In the process of the eigenstructure assignment, it is desirable to enhance the sensitivity with respect to damage and simultaneously improve system robustness. However, it is difficult to satisfy both requirements, and there is a need to design an optimization problem as follows: we want to determine the optimal variable sets for eigenvalues and eigenvectors reassignment

$$p=\left\{\theta ,d\right\}=\left\{{\theta }_1,{\theta }_2,\cdots ,{\theta }_p,d_1,d_2,\cdots ,d_p\right\}\in {\Re }^{\left(s+1\right)p}$$

(19)

where $\theta$ and $d$ are free parameters to assign closed-loop eigenvalues and eigenvectors, p is the total number of eigenvalues to be assigned, and s is the number of closed-loop forces.

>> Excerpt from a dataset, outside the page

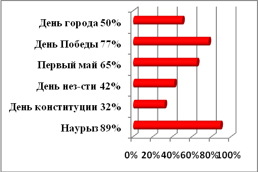 У любого народа и во все времена одним из самых любимых периодов календарного года, самым любимым развлечением и ритуальным занятием был и остается «праздник». Каждый народ, вместе с тем знает, что праздник – не только время отдыха и веселья, но это то, что в первую очередь связано с чем-то особенным, важным. Неслучайно с давних пор всякий народный, национальный праздник – «не только не рабочий день», но и день знаменательный, памятный, посвященный определенному событию в истории страны или города. Традиционные национальные праздники становятся популярными не только на своей родине, где возникли, но и далеко за её пределами. Организация и проведение массовых национальных праздников, в небольшой мере отличается от подготовки обычных массовых празднеств в масштабах города или региона. Поэтому у каждого праздника свое время, своя идея, свое «лицо». Его надо десятилетиями переживать и закреплять в соответствии с переживаниями предыдущих поколений в сознании поколений последующих6. Поэтому культивирование праздников – дело чрезвычайно серьезное, ибо необходимо для сохранения экологии культуры, преемственности поколений, сохранения исторического дневника народного быта и города.

2.2. Construction of Closed-Loop Systems

From the above theory, it is difficult to find a single gain that can enhance the sensitivity of mode shapes for all possible local damage, especially for a multispan structure, as shown in Figure 1 below:

In addition, to effectively excite the dynamic response of every span, we have to install actuators on most of the spans, which is not only costly, but also makes it difficult to implement the closed-loop dynamic load test in practice; hence, a single-gain scheme for closed-loop systems is not applicable for multispan structures.

For the above question, a multigain scheme is proposed in which each subsystem with a single gain is designed for each span. In this case, we only need to focus on the local structure rather than the whole structure, and only a few actuators installed on the target span can effectively enhance the sensitivity to the local damage of each span. A diagram of the single-gain subsystem designed for the target span of a multispan structure is shown in Figure 2. It is clear that only a minimum of two actuators can achieve the proposed multigain scheme, which is feasible in practice.

Based on the above idea, for an n-span bridge structure, an n-gain closed-loop system can be designed by assigning n subsystems for each span, and then the gain set containing G₁, G₂, ……, and G_n can be obtained.

2.3. MSEBI Method for Damage Localization

There are lots of damage indicators that are sensitive to the local damage and are suitable for damage localization [36,37,38,39]. According to previous studies [40,41,42,43], the modal strain energy (MSE) index is quite effective in detecting structural damage, which is defined as the elemental stiffness matrix premultiplied and postmultiplied by the mode shape components together for every single element. For the i-th mode and j-th element, the undamaged and damaged elemental MSEs can be expressed as:

$$MS{E}_{ij}^{\mathrm{u}}=\frac{1}{2}{\phi }_i^{\mathrm{T}}{K}_j{\phi }_i,MS{E}_{ij}^{\mathrm{d}}=\frac{1}{2}{\phi }_i^{\mathrm{d}\mathrm{T}}{K}_j{\phi }_i^{\mathrm{d}}$$

(20)

where $MS{E}_{ij}^{\mathrm{u}}$ and $MS{E}_{ij}^{\mathrm{d}}$ are MSEs of the i-th mode and the j-th element in undamaged and damaged status, respectively; ${\phi }_i$ and ${\phi }_i^{\mathrm{d}}$ are the i-th mode shape in undamaged and damaged status, respectively; and the superscript “u” refers to “undamaged”, and “d” represents “damaged”. It is worth mentioning that the undamaged stiffness matrix $K_j$ is used in the approximate calculation of $MS{E}_{ij}^{\mathrm{d}}$ rather than $K_j^{\mathrm{d}}$ since the actual damage condition is unknown.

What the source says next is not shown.